■ **DESCRIPTION OF THE TASK**
Nothing but an exact repeat of the data, with pictures removed, belongs in the answer.

■ **INFORMATION PROVIDED**
==================================================

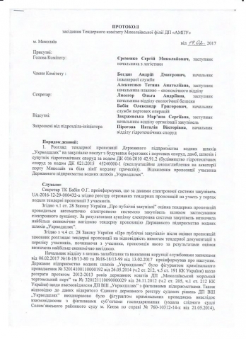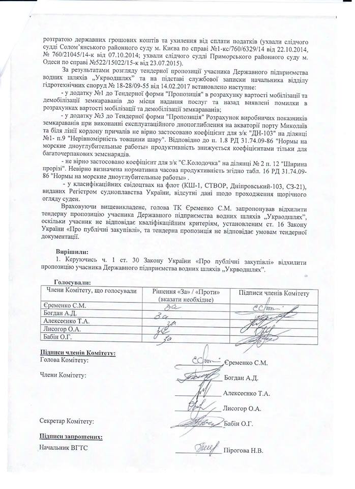 Об этом, а также о том, что в конце 2016 года счета ООО «Техморгидрострой Николаев» были арестованы, не могли не знать руководители НФ ГП «АМПУ» — Козонак В.Н., Пинькас В.Г. и Еременко С.Н.. Но тем не менее, об этом на заседании тендерного комитета порта они умолчали.
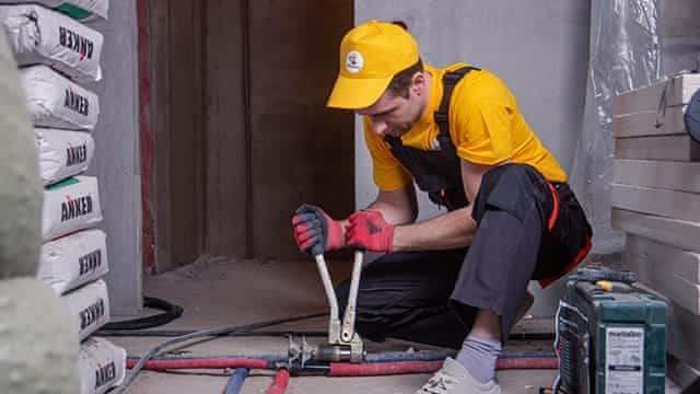 Проверяем герметичность соединения труб. Надежно запресовываем все гильзы на соединение трубы отопления, которые идут к радиатору.
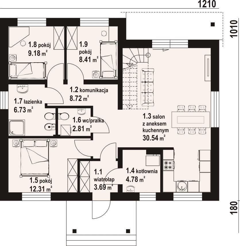 - 1.3 - salon z aneksem kuchennym30.54 m²

==================================================

■ **SOLUTION**
 Об этом, а также о том, что в конце 2016 года счета ООО «Техморгидрострой Николаев» были арестованы, не могли не знать руководители НФ ГП «АМПУ» — Козонак В.Н., Пинькас В.Г. и Еременко С.Н.. Но тем не менее, об этом на заседании тендерного комитета порта они умолчали.
 Проверяем герметичность соединения труб. Надежно запресовываем все гильзы на соединение трубы отопления, которые идут к радиатору.
 - 1.3 - salon z aneksem kuchennym30.54 m²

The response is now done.